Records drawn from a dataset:
↓↓↓
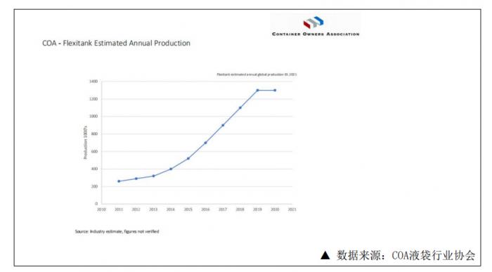 集装箱液袋行业的权威机构COA协会的统计数据显示,2019 年全球液袋产量到达顶峰,为 130 万条,按照市场价格测算,市场规模约为17亿元折合 2.6 亿美元。2019 年后,集装箱液袋行业市场增长已出现拐点,2020 年市场规模与 2019 年持平,市场需求趋于饱和,行业竞争进入激烈阶段。
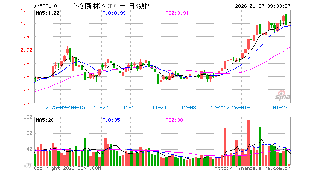 科创新材料ETF(588010)业绩比较基准为上证科创板新材料指数收益率,管理人为博时基金管理有限公司,基金经理为唐屹兵,成立(2022-09-30)以来回报为-0.75%,近一个月回报为14.75%。
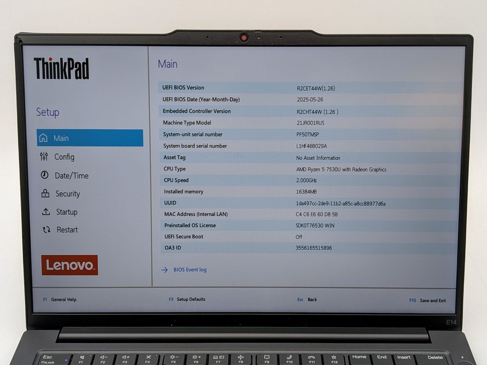 LENOVO THINKPAD E14 GEN 5 14" FHD+ RYZEN 5 7530U 256GB SSD 16GB W11P *READ*
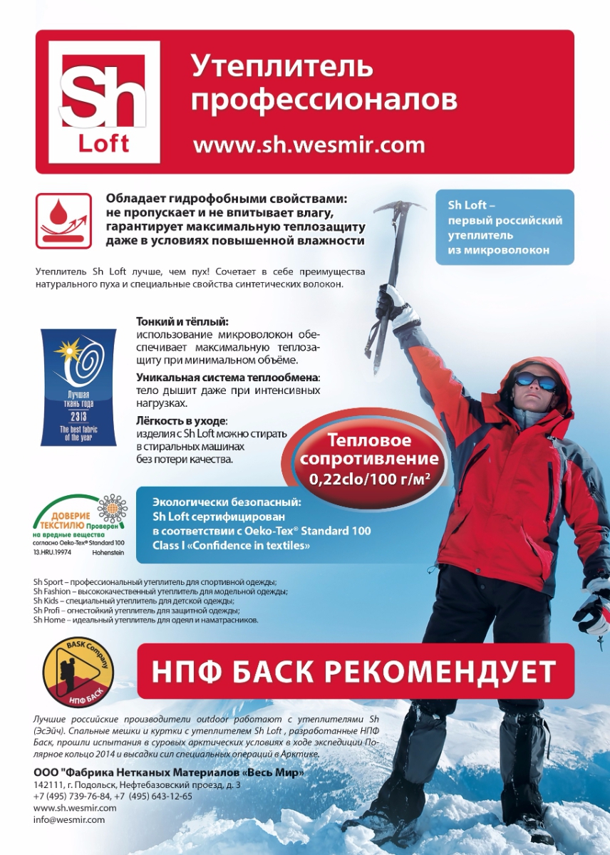 Также тестирование проводилось Яриным Михаилом, эспертом по экипировке, в ходе восхождения на Казбек. Помимо отличных теплоизолирующих свойств, он особо отметил, что куртка и спальный мешок с утеплителем Shelter Loft® выгодно отличаются по весу и толщине от импортных аналогов, особенно, с пухом.
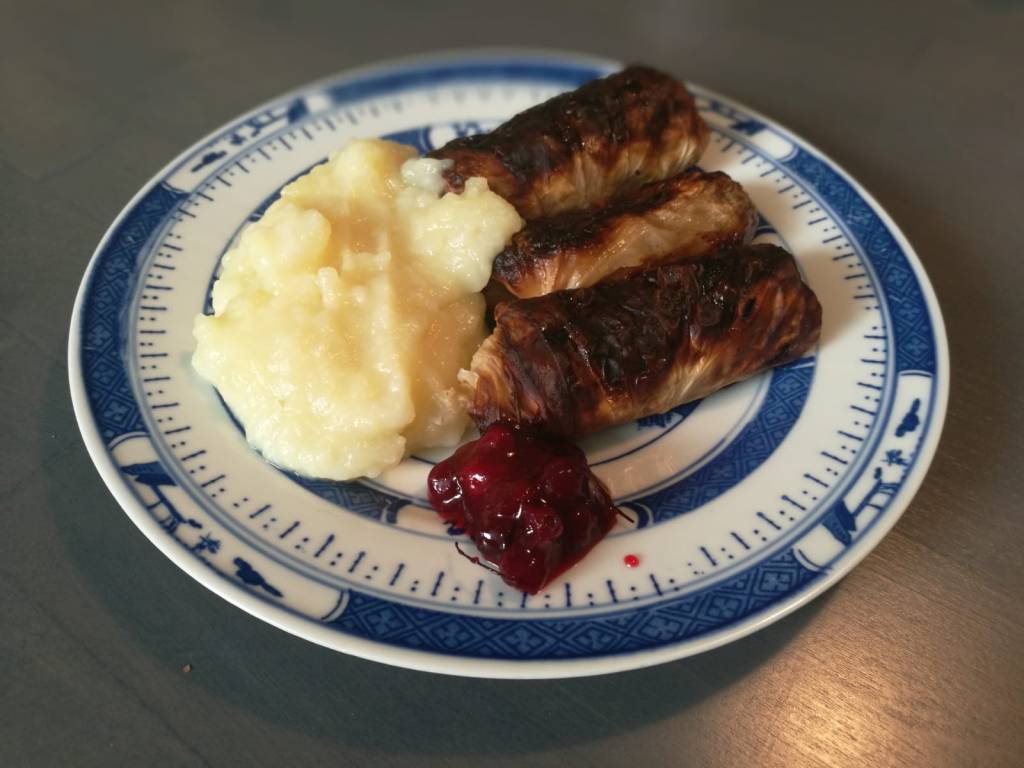 Paistoin 15 minuuttia 225 asteessa ja vähensin sitten lämpöä 175 asteeseen. Valelin välillä paistoliemellä. Tunnin kuluttua väriä oli ja kääryleet kypsiä. Tarjosin perunamuhennoksen ja karpalohillon kera. Hyvältä maistui.
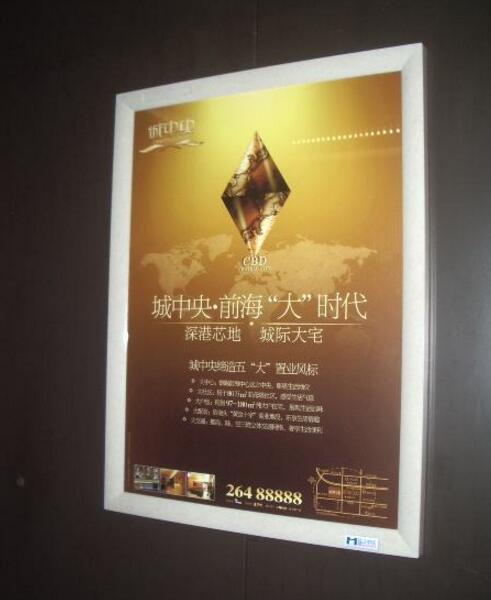 電梯框架廣告為靜態(tài)直至畫面, 24小時(shí)不間斷播出一個(gè)廣告畫面、由于電梯轎廂內(nèi)是封閉的環(huán)境、廣告到達(dá)率比較高、樓盤覆蓋一般社區(qū)為主、寫字樓為輔。
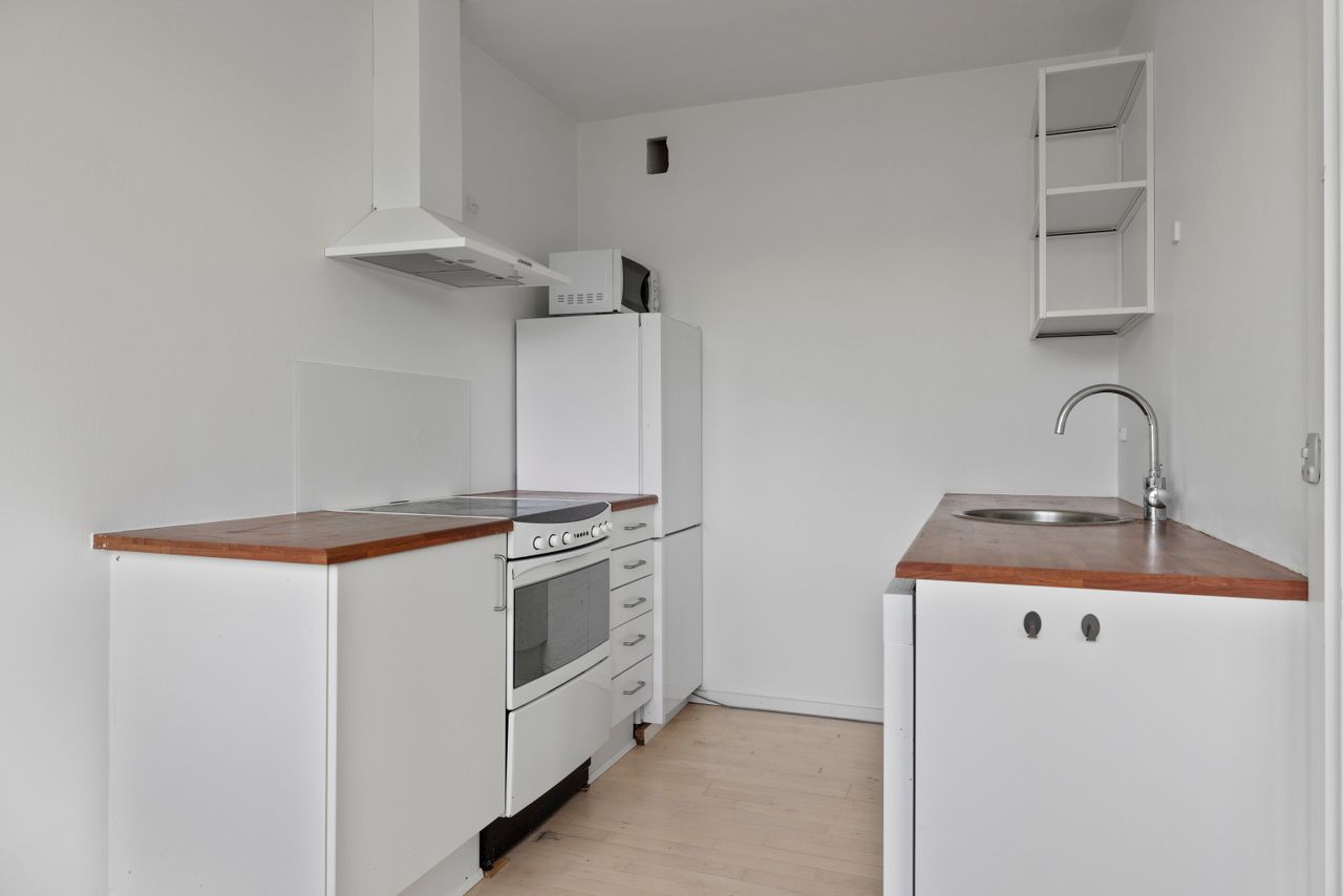 Med en let og smart gipsvæg er lejligheden i dag forvandlet til en “to værelseslejlighed”, hvor du får både soverum og opholdsrum uden at gå på kompromis med helheden. Stuen åbner sig mod lyset med vinduer i hele rummets bredde, mens de nyligt slebne og lakerede trægulve tilføjer et lyst og ensartet udtryk til hele lejligheden. Spisekøkkenet er enkelt og velfungerende med hvide elementer og mørk bordplade, og ved vinduet er der plads til en og rummer uden problemer et spisebord, hvor du kan nyde udsigten til de grønne fællesarealer. Badeværelset er pænt og funktionelt med hvide vægfliser, mørkt klinkegulv og en separat bruseniche – præcis som det skal være i et hjem, hvor hver kvadratmeter arbejder med.
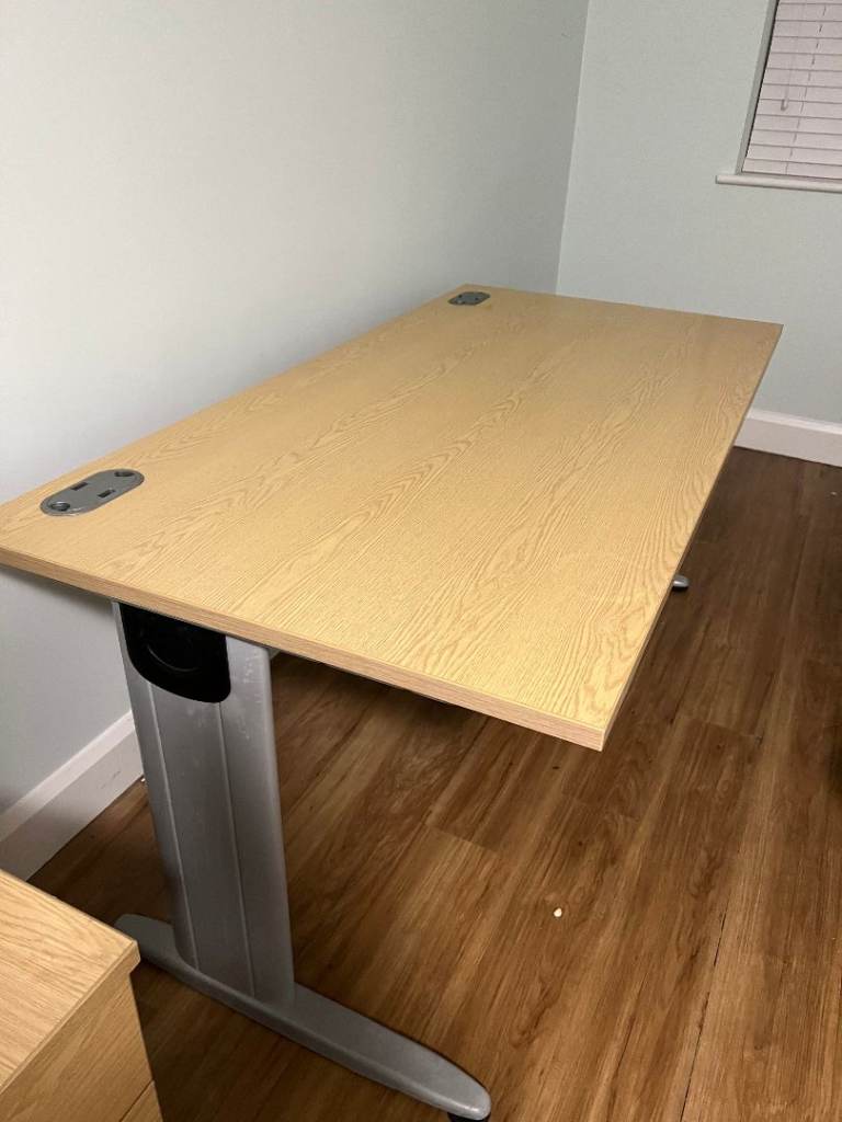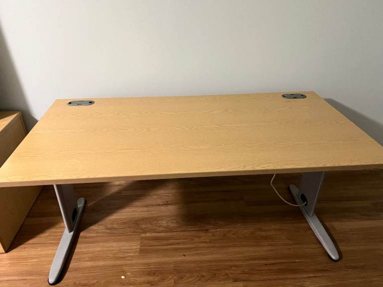 Spacious office desk with light wood finish and sturdy metal legs. Features built-in cable ports for neat cable management. In excellent condition.
↑↑↑
What you should do:
Images do not belong in the copy; reproduce all other parts of the records above verbatim.

Problem solution:
 集装箱液袋行业的权威机构COA协会的统计数据显示,2019 年全球液袋产量到达顶峰,为 130 万条,按照市场价格测算,市场规模约为17亿元折合 2.6 亿美元。2019 年后,集装箱液袋行业市场增长已出现拐点,2020 年市场规模与 2019 年持平,市场需求趋于饱和,行业竞争进入激烈阶段。
 科创新材料ETF(588010)业绩比较基准为上证科创板新材料指数收益率,管理人为博时基金管理有限公司,基金经理为唐屹兵,成立(2022-09-30)以来回报为-0.75%,近一个月回报为14.75%。
 LENOVO THINKPAD E14 GEN 5 14" FHD+ RYZEN 5 7530U 256GB SSD 16GB W11P *READ*
 Также тестирование проводилось Яриным Михаилом, эспертом по экипировке, в ходе восхождения на Казбек. Помимо отличных теплоизолирующих свойств, он особо отметил, что куртка и спальный мешок с утеплителем Shelter Loft® выгодно отличаются по весу и толщине от импортных аналогов, особенно, с пухом.
 Paistoin 15 minuuttia 225 asteessa ja vähensin sitten lämpöä 175 asteeseen. Valelin välillä paistoliemellä. Tunnin kuluttua väriä oli ja kääryleet kypsiä. Tarjosin perunamuhennoksen ja karpalohillon kera. Hyvältä maistui.
 電梯框架廣告為靜態(tài)直至畫面, 24小時(shí)不間斷播出一個(gè)廣告畫面、由于電梯轎廂內(nèi)是封閉的環(huán)境、廣告到達(dá)率比較高、樓盤覆蓋一般社區(qū)為主、寫字樓為輔。
 Med en let og smart gipsvæg er lejligheden i dag forvandlet til en “to værelseslejlighed”, hvor du får både soverum og opholdsrum uden at gå på kompromis med helheden. Stuen åbner sig mod lyset med vinduer i hele rummets bredde, mens de nyligt slebne og lakerede trægulve tilføjer et lyst og ensartet udtryk til hele lejligheden. Spisekøkkenet er enkelt og velfungerende med hvide elementer og mørk bordplade, og ved vinduet er der plads til en og rummer uden problemer et spisebord, hvor du kan nyde udsigten til de grønne fællesarealer. Badeværelset er pænt og funktionelt med hvide vægfliser, mørkt klinkegulv og en separat bruseniche – præcis som det skal være i et hjem, hvor hver kvadratmeter arbejder med.
 Spacious office desk with light wood finish and sturdy metal legs. Features built-in cable ports for neat cable management. In excellent condition.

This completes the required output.